All MRI examinations were acquired using three 3.0-T scanners, two identical Discovery 750w (GE Healthcare, Milwaukee, WI) and one Discovery 750 (GE Healthcare, Milwaukee, WI). For both models of MR scanners, the same institutional protocol was used for SIJ examinations, including axial and oblique coronal (parallel with the long axis of the sacral bone), fat-suppressed (FS) T2-weighted (T2w) fast spin-echo (FSE) sequences as well as oblique coronal T1-weighted FSE sequences, and oblique coronal proton density-weighted FSE sequences.

We chose to acquire oblique coronal FS T2-weighted FSE images (scanning parameters: repetition time/time to echo = 3200/85 ms, slice thickness/gap = 4/0.5 mm, field of view = 30 × 30 cm, matrix size = 320 × 256, number of excitations = 4). This is because among the sequences included in the institutional protocol, BME is the most prominent in T2w images. Besides, in the most recent suggestion from the ASAS working group [11, 20], only the abovementioned T2w FS sequence is recommended. Images were retrieved from the Picture Archiving and Communication System in the Digital Imaging and Communications in Medicine format.

Segmentation and labeling of ROIs

Two different heterogeneous regions of interest (CircleOriginal and FacetOriginal) were manually segmented and labeled using Research Portal V1.1 (United Imaging Intelligence, Co., Ltd., Shanghai, China). CircleOriginal and FacetOriginal were segmented and labeled back-to-back on oblique coronal MR images by two radiologists with 2 and 11 years of experience, respectively (Reader A and B). Prior to segmentation, both radiologists underwent training to ensure that the ROIs were drawn to the required standard. Boundaries of the ROIs were validated and redrawn by Reader B when necessary to reduce intra-reader bias and to better adhere to the segmentation criteria.

Next, CircleOriginal was automatically expanded by 15 mm in all directions to generate Circle, which represents a pair of circular ROIs of a defined size located within the SIJ and encompasses as much of abnormal findings as possible. Circle was segmented and expanded using a method inspired by a previous study [21].
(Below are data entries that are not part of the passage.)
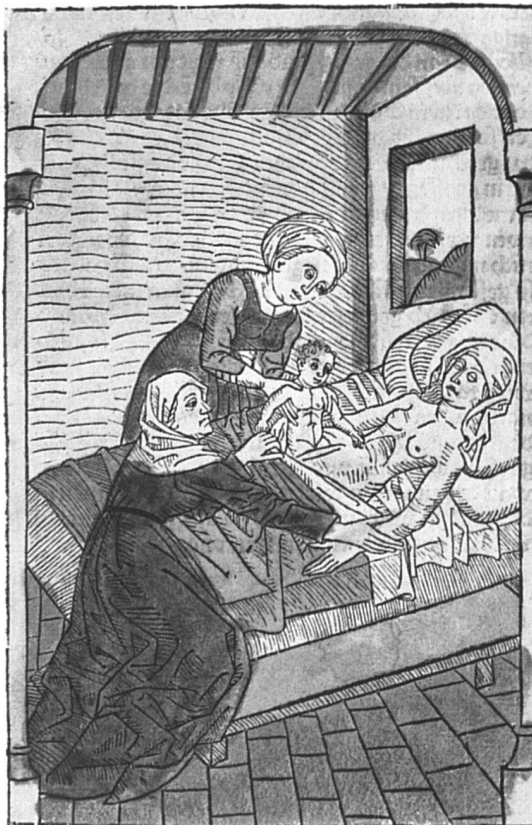
Les lois de la biologie vont-elles de pair avec le désir d'enfant? (Gravure sur bois, Allemagne, XV e siècle).

Sans enfants, j'aurais peut-être connu plus de succès professionnels, de pays, de cultures, de liberté, mais j'aurais moins... existé.»
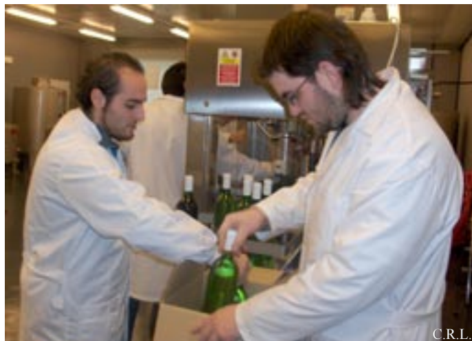
Alumnos del Centro de FP
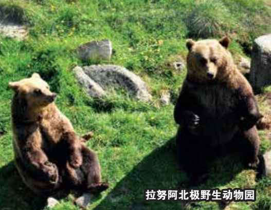
拉努阿北极野生动物园
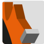
Dientes de carburo

FacetOriginal was further automatically expanded by 10 mm to generate Facet, a ROI that spans six consecutive slices in the oblique coronal plane, including articular space and subarticular region to 1 cm. Criteria for segmentation and expansion of Facet were performed as done in a previous study [19].

All the expanded ROI boundaries were further validated and corrected by Reader B, to reduce possible bias and to better adhere to the segmentation criteria. An example of SIJ-MRI segmentation and expansion is shown in Fig. 3.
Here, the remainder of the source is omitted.